[Data records]
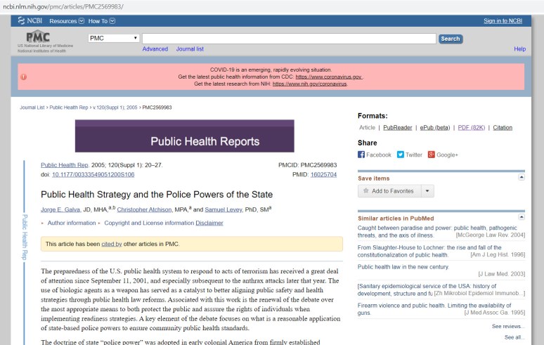 The following is a link to the eight-page article. Note that the discussion in the article isn’t the answer in the current situation that we are seeing because it isn’t written for the current situation, it doesn’t cite all relevant legal authorities, and the current situation will vary from state to state and location to location (e.g., county, city or town, etc.) within each state, but the article is the type of legal discussion and evaluation that we should be seeing and that I would expect and wish to see from the ordering, enacting or enforcing entity, but that I am not seeing. Here is the article link, followed by a snapshot of part of page one from the article: https://www.ncbi.nlm.nih.gov/pmc/articles/PMC2569983/
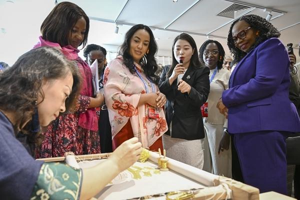 10月14日,全球妇女峰会参会嘉宾在北京市秀水街大厦参访。这是嘉宾在了解京绣。新华社记者 邹竞一/摄
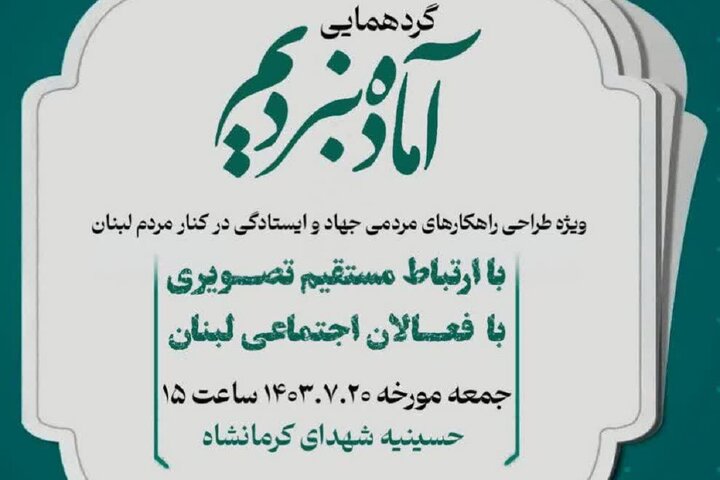 در این گردهمایی راهکارهای مردمی جهاد و ایستادگی در کنار مردم لبنان به صورت ویژه طراحی و بررسی خواهد شد.
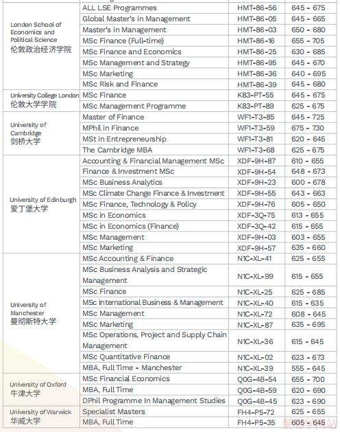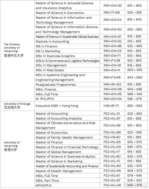 ➤港校提交的送分成绩范围大致是在GMAT575-675;
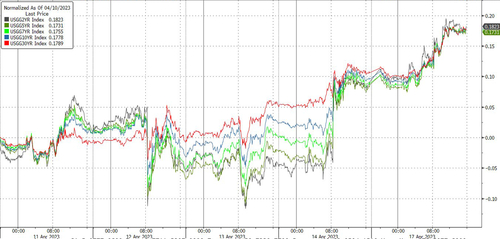其中,2年期美债收益率涨8.7个基点报4.207%,5年期美债收益率涨8.4个基点报3.704%,10年期美债收益率涨7.6个基点报3.605%,30年期美债收益率涨6.8个基点报3.813%。

• [EXERCISE DIRECTIONS]
Will you restate every entry word for word and omit the images?

• [RESPONSE TO THIS EXERCISE]
 The following is a link to the eight-page article. Note that the discussion in the article isn’t the answer in the current situation that we are seeing because it isn’t written for the current situation, it doesn’t cite all relevant legal authorities, and the current situation will vary from state to state and location to location (e.g., county, city or town, etc.) within each state, but the article is the type of legal discussion and evaluation that we should be seeing and that I would expect and wish to see from the ordering, enacting or enforcing entity, but that I am not seeing. Here is the article link, followed by a snapshot of part of page one from the article: https://www.ncbi.nlm.nih.gov/pmc/articles/PMC2569983/
 10月14日,全球妇女峰会参会嘉宾在北京市秀水街大厦参访。这是嘉宾在了解京绣。新华社记者 邹竞一/摄
 در این گردهمایی راهکارهای مردمی جهاد و ایستادگی در کنار مردم لبنان به صورت ویژه طراحی و بررسی خواهد شد.
 ➤港校提交的送分成绩范围大致是在GMAT575-675;
其中,2年期美债收益率涨8.7个基点报4.207%,5年期美债收益率涨8.4个基点报3.704%,10年期美债收益率涨7.6个基点报3.605%,30年期美债收益率涨6.8个基点报3.813%。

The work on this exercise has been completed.